■ The task ■
In the data below, the copy begins at the line containing "單款/加絨 純棉白色半高領打底衫女秋冬中長款時尚洋氣內搭上衣潮" and runs through the last line; repeat those lines exactly, minus the pictures.

■ Information given ■

....

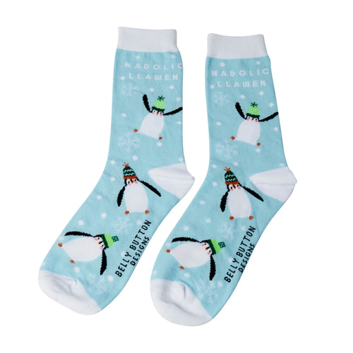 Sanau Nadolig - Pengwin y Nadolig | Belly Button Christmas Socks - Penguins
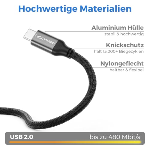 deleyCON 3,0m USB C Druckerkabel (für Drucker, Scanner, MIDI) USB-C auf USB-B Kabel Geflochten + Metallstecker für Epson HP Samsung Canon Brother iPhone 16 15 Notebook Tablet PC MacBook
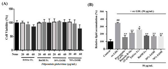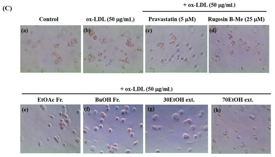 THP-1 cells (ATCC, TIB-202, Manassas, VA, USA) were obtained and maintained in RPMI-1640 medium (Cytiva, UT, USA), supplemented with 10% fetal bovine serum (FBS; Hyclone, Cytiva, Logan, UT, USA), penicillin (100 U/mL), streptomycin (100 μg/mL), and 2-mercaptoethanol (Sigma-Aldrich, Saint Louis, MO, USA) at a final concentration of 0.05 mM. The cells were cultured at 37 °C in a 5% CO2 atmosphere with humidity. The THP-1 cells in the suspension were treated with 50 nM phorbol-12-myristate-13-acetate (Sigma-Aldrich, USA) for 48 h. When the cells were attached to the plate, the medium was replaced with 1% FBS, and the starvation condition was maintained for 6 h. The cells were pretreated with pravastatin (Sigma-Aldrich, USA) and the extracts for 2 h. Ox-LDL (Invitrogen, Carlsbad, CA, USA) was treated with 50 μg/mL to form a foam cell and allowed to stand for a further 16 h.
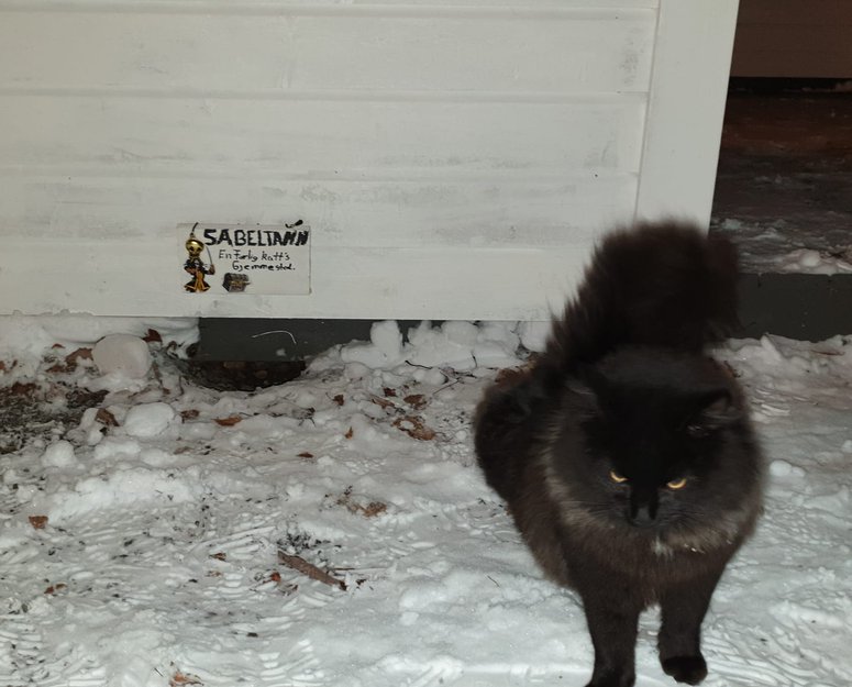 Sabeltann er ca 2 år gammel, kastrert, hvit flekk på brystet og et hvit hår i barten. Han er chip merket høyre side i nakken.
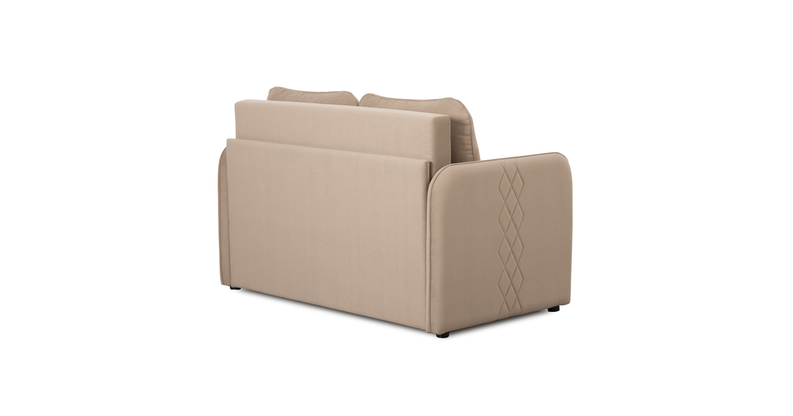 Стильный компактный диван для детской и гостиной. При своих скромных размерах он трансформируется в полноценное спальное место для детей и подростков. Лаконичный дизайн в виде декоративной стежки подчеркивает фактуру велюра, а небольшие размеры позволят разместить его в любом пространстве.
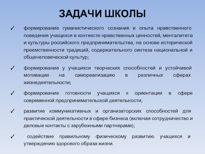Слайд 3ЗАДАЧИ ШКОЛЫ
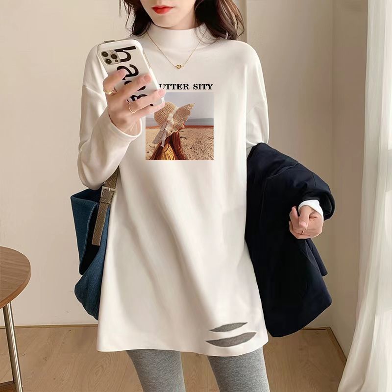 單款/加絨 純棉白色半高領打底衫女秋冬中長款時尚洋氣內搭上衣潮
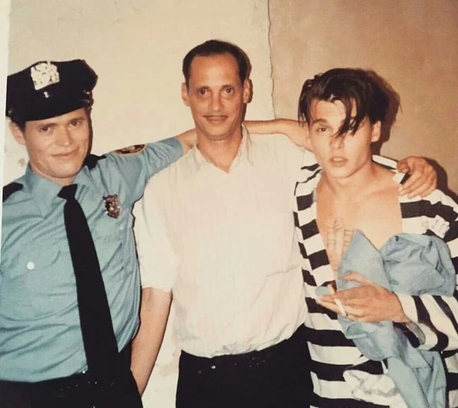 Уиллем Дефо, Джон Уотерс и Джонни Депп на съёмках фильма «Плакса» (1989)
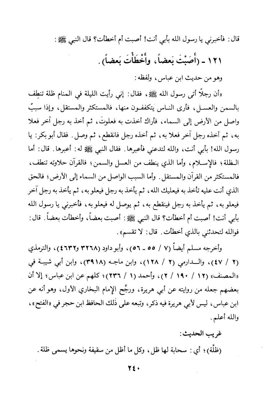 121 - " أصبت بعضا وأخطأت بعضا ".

....

■ Written solution ■
 單款/加絨 純棉白色半高領打底衫女秋冬中長款時尚洋氣內搭上衣潮
 Уиллем Дефо, Джон Уотерс и Джонни Депп на съёмках фильма «Плакса» (1989)
 121 - " أصبت بعضا وأخطأت بعضا ".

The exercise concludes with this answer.